Insulin-producing cells generated from in vitro–differentiated embryonic stem (ES) cells have been advanced as a potential alternative to cadaveric-derived pancreatic islets in transplantation therapies for treatment of type 1 diabetes. The development of protocols that facilitate the reliable and efficient derivation of such cells has been the focus of several studies over the last 5 years. Soria et al. (1) used a “cell-trapping” protocol to select for insulin-producing cells expressing the NeoR gene under the control of the human insulin gene promoter. This strategy was refined by placing the NeoR gene under the control of the promoter of Nkx6.1 (2), a gene found to be important in the development of cells from endocrine precursors. Taking into account the close evolutionary and developmental relationship between endocrine and neural cell lineages, Lumelsky et al. (3) developed a five-step protocol based on methods known to promote the generation of neural cell types from ES cells. Although the nature of insulin-staining cells derived by this method remains controversial (4,5), other groups have successfully used variations on this procedure to isolate similar cells from differentiating ES cells (6,7). Enforced expression of transcription factors with a role in pancreatic development has also been used to increase the frequency with which insulin-producing cells were isolated from differentiating ES cells (8,9).

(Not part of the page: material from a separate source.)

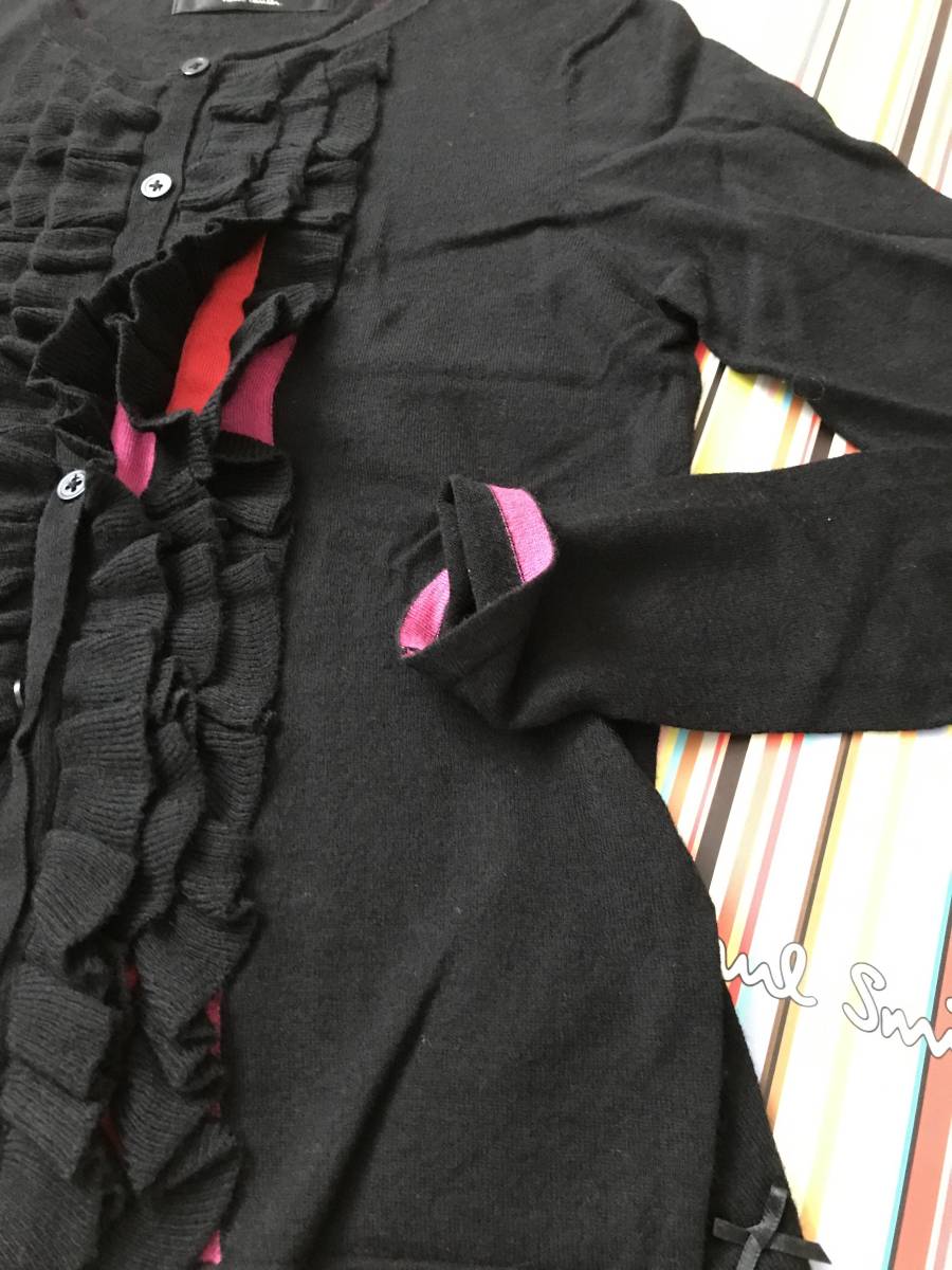 新品 サイズはMです。カラーはブラックに内側フリルはレッドとピンクです。襟内側と裾内側はレッドです。裾内側はピンクです。フリル3段で内側はピンクとレッドです。肩幅37cm胸回り80cm着丈49cm袖丈61cmです。記載は胸回り79-87cm 身長158-164cmです。素材はウール50%レーヨン50%です。着用するとフリルのカラーが見えて揺れて可愛いです。購入価格は35000円程でした。

We have taken an alternative approach to optimize the efficiency of the intermediate stages traversed by ES cells differentiating toward the pancreatic lineages. Pancreatic endocrine cells originate from definitive endoderm that expresses the pancreatic-duodenal homeobox gene (Pdx1) (10,11). In the absence of Pdx1, the pancreas fails to develop beyond the formation of ventral and dorsal buds (12,13). Thus, Pdx1 expression marks a critical step in pancreatic organogenesis, and Pdx1+ cells are likely to represent an obligate intermediate population in the generation of β-cells from ES cells. Therefore, we generated a reporter cell line by inserting the gene encoding green fluorescent protein (GFP) into exon 1 of the Pdx1 gene to facilitate the optimization of ES cell differentiation toward the pancreatic lineage. Using this cell line, we now show that retinoic acid (RA) promotes the generation of Pdx1+ cells that express a repertoire of genes indicative of early foregut endoderm.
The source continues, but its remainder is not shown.